> TASK
Restate word for word the lines between the start of the material and the line with "Wry mathematical graph", keeping both of those ends and none of the pictures.

> AVAILABLE DATA

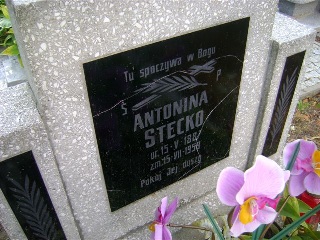 Grób: VIII.11.12 Stecko Antonina ur.:15-05-1887 zm.:15-07-1959 Stecko Michalina ur.:15-10-1925 zm.:10-09-2017 |
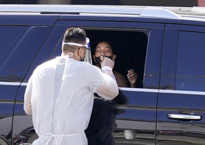 En los premios Emmy en septiembre, tuve que quedarme afuera y fotografiar los autos de los pocos asistentes en persona. Capturé a la actriz de “black-ish” Tracee Ellis Ross con un hisopo en la nariz en una imagen que define el momento.
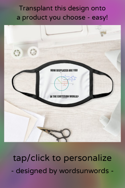 Wry mathematical graph humor comes alive on this design featuring parallel displacement along with the math truism query "How Displaced Are You In The Cartesian World?" Colorful educational geometry / trigonometry design. Perfect cotton/polyester face mask for any geek who feels displaced in the Cartesian world! myMathematician
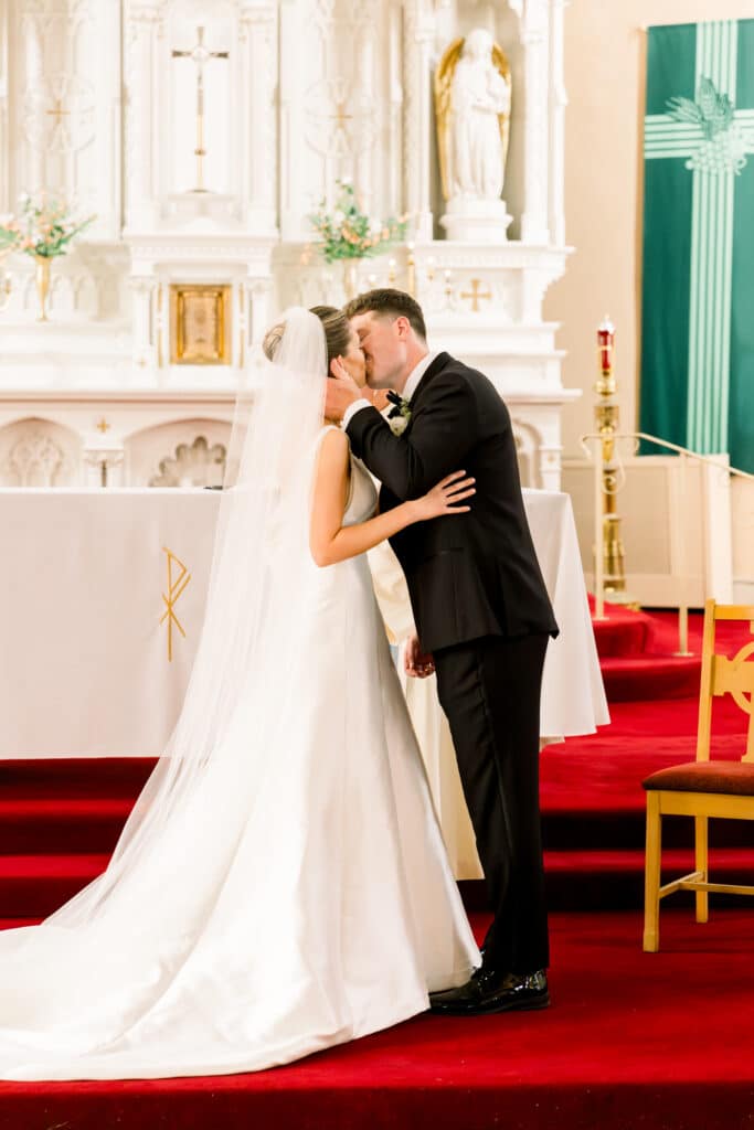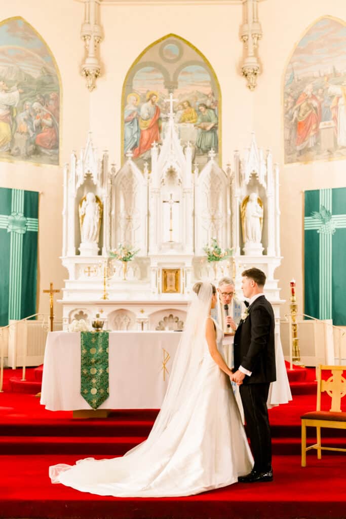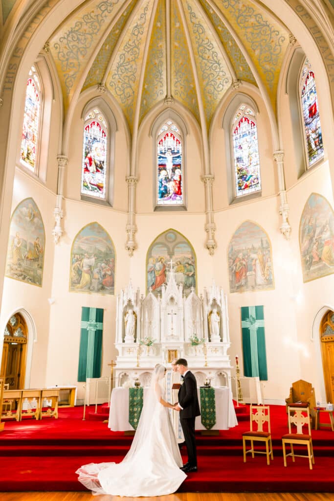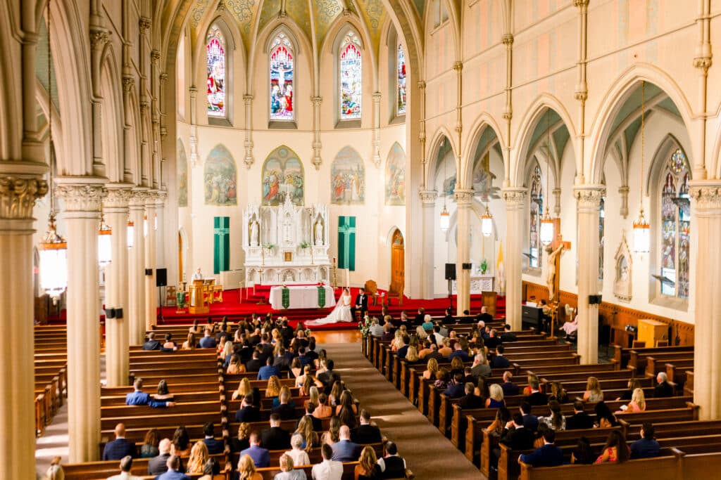 After we wrapped up the portrait session, it was time for the main event: St. James Church. The air was thick with emotion as Emily walked down the aisle, the soft strains of the organ filling the space. The church, with its high arches and beautiful stained glass windows, created the perfect atmosphere for this sacred moment.

> REPLY TO THE TASK
 Grób: VIII.11.12 Stecko Antonina ur.:15-05-1887 zm.:15-07-1959 Stecko Michalina ur.:15-10-1925 zm.:10-09-2017 |
 En los premios Emmy en septiembre, tuve que quedarme afuera y fotografiar los autos de los pocos asistentes en persona. Capturé a la actriz de “black-ish” Tracee Ellis Ross con un hisopo en la nariz en una imagen que define el momento.
 Wry mathematical graph humor comes alive on this design featuring parallel displacement along with the math truism query "How Displaced Are You In The Cartesian World?" Colorful educational geometry / trigonometry design. Perfect cotton/polyester face mask for any geek who feels displaced in the Cartesian world! myMathematician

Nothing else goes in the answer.